India is in the same position. Cheating is of no consequence when they aren't
enough schools to accomodate the population. And the disparity is not minor,
it is catastrophic.

These middle income countries are all in a precarious position, so writing any
one or all of them off is uneducated and foolish.

------
ryetoasthumor
Blaming a country's problems on its "culture" however you are defining that is
a cop out. India has these exact problems at 5 times the scale. Have any of
you tried to start an education company there, all the government officials I
spoke to wanted a minimum 1 million dollar bribe, yet it would be idiotic to
say that India is doomed when their rapid development is staring you in the
face.

Brazil doesn't suffer from novel and "culturally" inherent problems.

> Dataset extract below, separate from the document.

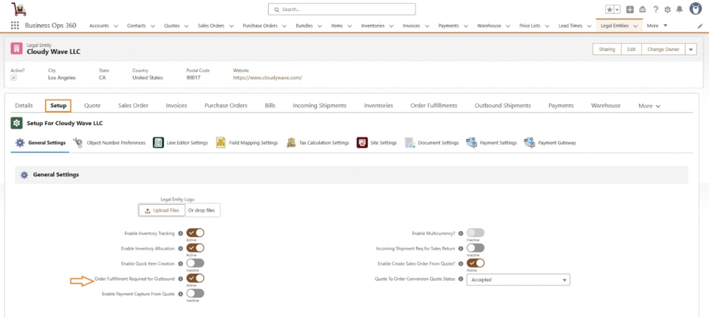 Note: To enable order fulfillment, you must select the Order Fulfillment Required for Outbound checkbox in the Legal Entity’s General Settings, as shown in the screenshot below.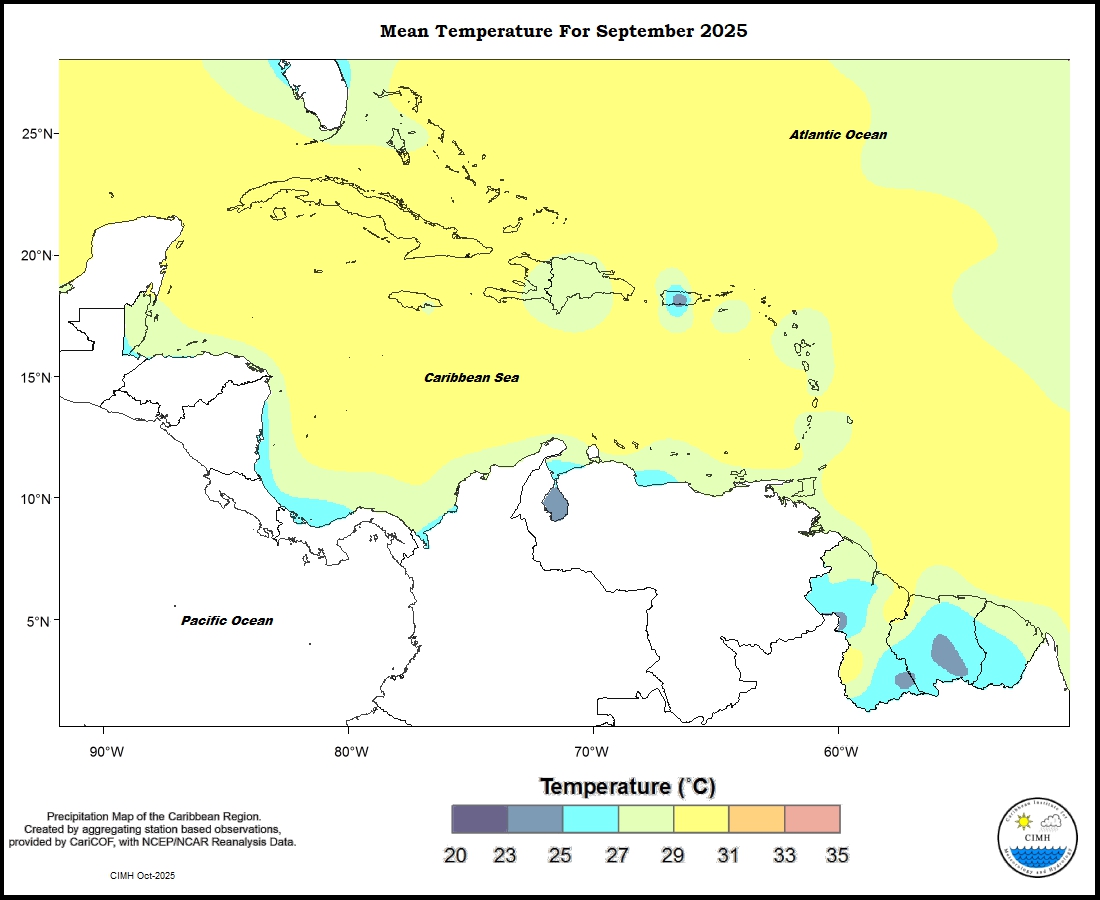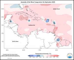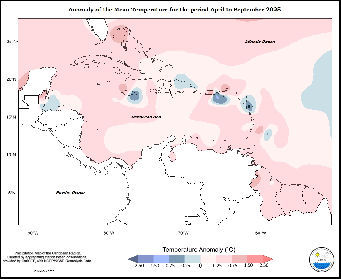 Mixed temperature anomalies were present for the period April to September 2025 throughout the eastern Caribbean. Trinidad, Tobago, Grenada, Martinique and St Maarten were between 0.25 o C and 0.75 o C warmer; Barbados was between 0 to 1.50 o C warmer; Saint Lucia was between 0 and 0.75 o C warmer; Dominica ranged from 0.75 o C warmer 0.25 o C cooler to south to north; Guadeloupe, Antigua and St. Croix were between 0 and 0.75 o C cooler; St Kitts was between 0.25 o C cooler to predominantly between 0 and 0.25 o C warmer; and St Thomas was 0.25 to predominantly between 0.75 and 1.50 o C warmer. The Guianas ranged from 0 to predominantly between 0.25 and 0.75 o C warmer, and to 1.50 o C warmer in the northwest Aruba was between 0 and 0.25 o C warmer and Curacao was between 0 and 0.75 warmer. Puerto Rico was between 0.75 o C cooler to 1.50 o C warmer. The Dominican Republic was between 0.25 o C warmer to 0.25 o C cooler south to north. Jamaica was between 1.50 o C warmer and 0.75 o C cooler west to east. Grand Cayman was between 0.25 and 0.75 o C warmer. Northern Bahamas was between 0.25 and 1.50 o C warmer. Belize was between 0.25 o C cooler to and 1.50 o C warmer southeast to northwest.

You would
never say that Brazil is culturally inferior to another country because that
is bigotted and ridiculous. The country is suffering the same developing
bottle necks that others have and continue to face. Look at where the country
has come from, look at where it is now, and I implore you to actually compare
Brazil to the other (B)RICS etc. since they offer the best contextual
comparison.

The most incredible thing about Brazil is that despite the insurmountable odds
whether it is the wheels of capitalism, passionate people, or government
involvement - or perhaps a hybrid - Brazil is not lost.

Cynicism has its place too, but in an objective analysis of Brazil's prospects
on the world stage, leave it out. I respect your experiences and what you have
contributed, but the points of information you have provided are without the
global context necessary to understand Brazil's place.

Will Rio offer the world the next Silicon Valley? Only time will tell, but its
clear to me that it has a damn good shot.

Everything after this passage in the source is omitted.